1. Pour plates Based upon the recipe in your lab manual, combine the necessary ingredients into a 500ml flask to pour 300ml of LB plates. Remember that water need to be added first. You can use tap water. It is not necessary to add NaOH. Add a magnetic stir bar, cover the flask opening with aluminum foil, label it with your initials on the foil. After your media has cooled, pour about 25ml of media into each of sterile Petri dishes enough to cover the bottom of the Petri dish. You will need at least 12 plates for the next laboratory. Please pay attention to the instructors demonstration. Use a stirring plate to mix the media prior to pouring do not stir so fast that you introduce bubbles into the media! 2. Listen to the Safety Briefing 3. Observe sterile technique The instructor or TA will demonstrate basic sterile bacterial techniques for 1) transferring liquid from one container to another 2) inoculating liquid media from a solid media culture using inoculating loops and applicator sticks. Practice inoculating a 5ml overnight culture Obtain and label a 50 ml conical tube that contains ~20ml of sterile LB media. This is your LB stock for this experimental procedure. Aseptically transfer 5ml of liquid LB media into two culture tubes. Label both tubes with your initials using a permanent marker (culture tubes are disposable, do not use tape). Mark your tubes very close to the cap or you risk the chance of rubbing off your label during incubation. Do not write on the caps! Inoculate one of the culture tubes with bacteria from a master plate provided. Set up a negative control overnight culture by inoculating the other culture tube, using the same inoculation procedure, but do not place bacteria on the loop/applicator stick. (This negative control is not normally performed in a research laboratory, however, it is a good check to see if you are aseptically performing the procedure.)

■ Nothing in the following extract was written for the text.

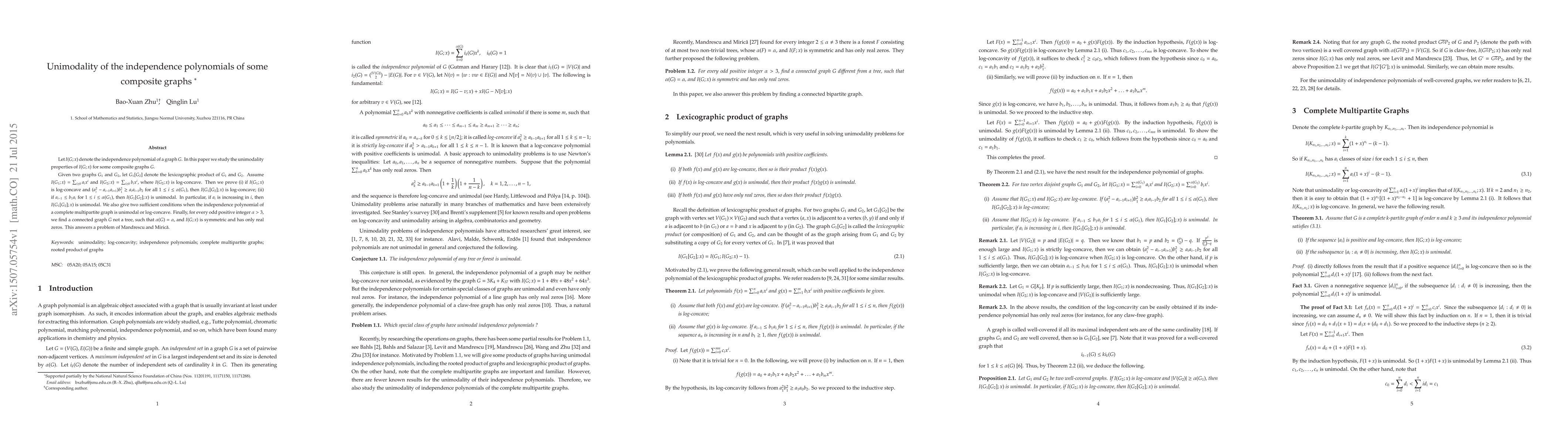 This paper investigates the unimodality properties of independence polynomials for certain composite graphs, particularly focusing on lexicographic products. It proves conditions under which these polynomials are log-concave or unimodal, addressing specific cases like complete multipartite graphs and providing an answer to a question posed by Mandrescu and Mirică regarding symmetric polynomials with real zeros.

Your overnight cultures and LB stock bottle will be placed in the 37oC shaking incubator. Next week you can observe your two cultures and stock tube for growth. 4. Practice streaking for singles The instructor or TA will demonstrate basic sterile bacterial techniques for streaking for singles from a solid media culture using inoculating loops, applicator sticks, and toothpicks. Properly label a nutrient agar plate on the media half (the bottom) of the Petri dishes. (The lids tend to become mixed-up when working with multiple plates.) Divide the plate bottom into three sectors using a marker. Streak each section using a different applicator. Return the plate to the tray. Plates will be placed in the 37oC incubator for overnight. Be sure to lay the plates with the lids down (media upside down). Overnight, condensation forms on the top of the petri dishes. If this condensation drops onto media then it will splatter the bacteria. The result is a large smear of bacterial growth instead of single colony formation.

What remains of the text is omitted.